Bank statements – Usually for the past 12 or 24 monthsA worthwhile deposit – Often 10% of the purchase price or moreCash reserves – Enough savings or readily available assets to cover months of mortgage payments. Expect to need to document thisA decent credit score and a clean credit report – Some lenders will approve FICO scores as low as 580, but you will likely need a score of 620 or higher. And remember, the higher your credit score, the lower your rate is likely to beA debt-to-income ratio (DTI) below 55% – Many non-QM mortgage lenders have lower DTI requirements than those providing compliant loansAn income statement (Profit and loss account) – Usually for the last 12 trading months of your company, prepared by your licensed tax advisor. Most often required when mixing your personal and professional financesA business license – Only if one is required in your industry

You will also need a letter from your accountant or a licensed tax professional confirming that you are filing your taxes in an appropriate self-employed category. He or she may also need to confirm that your deductibles are okay.

Don't be put off if you suspect you might be missing one or two of these. Some lenders are more flexible than others.

Bank statement loan interest rates

Bank statement loan interest rates are higher than traditional mortgage rates because non-QM loans are seen as a greater risk.

For entrepreneurs and many in the gig economy (those most likely to opt for bank statement loans), financial life can be precarious.

So lenders must expect more loans to go bad. The only way to cover this additional risk is to charge higher interest rates.

Each lender assesses risk in their own way. It is therefore difficult to come up with a useful average for the actual higher statement rates.

However, when we sampled some bank statement loans on the day this was written, we found a number that states interest rates around 4.5% on a 30 year fixed rate mortgage (FRM).

Compare that to an average rate of 2.8% for 30-year-old mainstream FRMs on the same day. Bank statement mortgage rates were almost 2% higher.

That doesn't mean you can't find a lot. But it should emphasize the importance of shopping for your best deal.

You may see a wide variety in the interest rates on offer and you want to be sure that you are getting the cheapest loan that you can.

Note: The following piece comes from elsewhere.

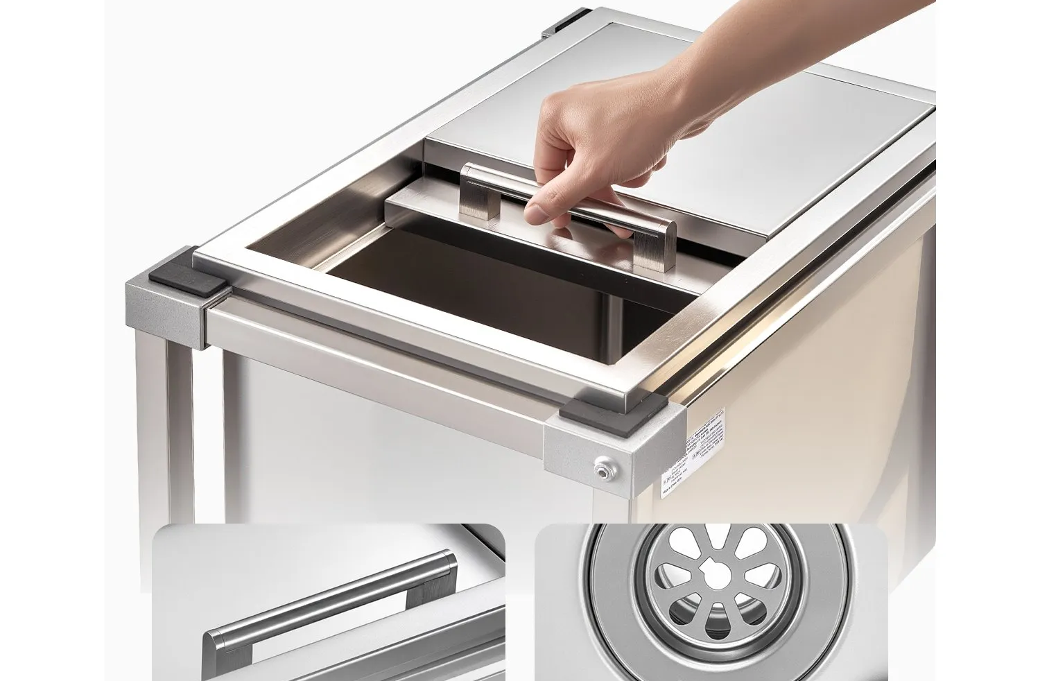 • Materiál z nehrdzavejúcej ocele: Chladič ľadu má certifikát NSF. Je vyrobený z nehrdzavejúcej ocele, vďaka čomu je odolný a odolný voči hrdzi. Interiér využíva integrovaný, plne zváraný proces, čo výrazne znižuje riziko únikov.

How to choose the best mortgage lender for you

Mortgage professionals and financial advisors keep asking mortgage seekers to compare their loans. And they are right.

Borrowers can easily save thousands or tens of thousands of dollars over the life of their loans by simply spending a few hours soliciting and comparing quotes from multiple lenders.

These quotes come in the form of "credit estimates". And they all have the same format. So they can be compared very easily side by side.

You are obviously looking for a low mortgage rate. However, don't forget to also compare the following information included in each quote:

Annual percentage (APR) – This is a better guide to the real cost of a loan than a raw mortgage rate. It includes the total loan costs spread over the life of your mortgageEstimated closing costs – How much will you pay in loan costs?Estimated cash at the end – The amount you need on the final day: closing costs plus down payment and other liabilitiesThe total amount you paid after five years – A great way to compare the initial cost of two different loansThe amount by which you reduced your debt (the "principal" you paid back) after five years – A key indicator of value for money

This is vital stuff. And it is your opportunity to choose the loan that suits you best.

Remember, you are likely to see a wider variety of loan types, loan terms, and interest rates from bank statement mortgage lenders. So it is really in your own best interest to spend some time shopping.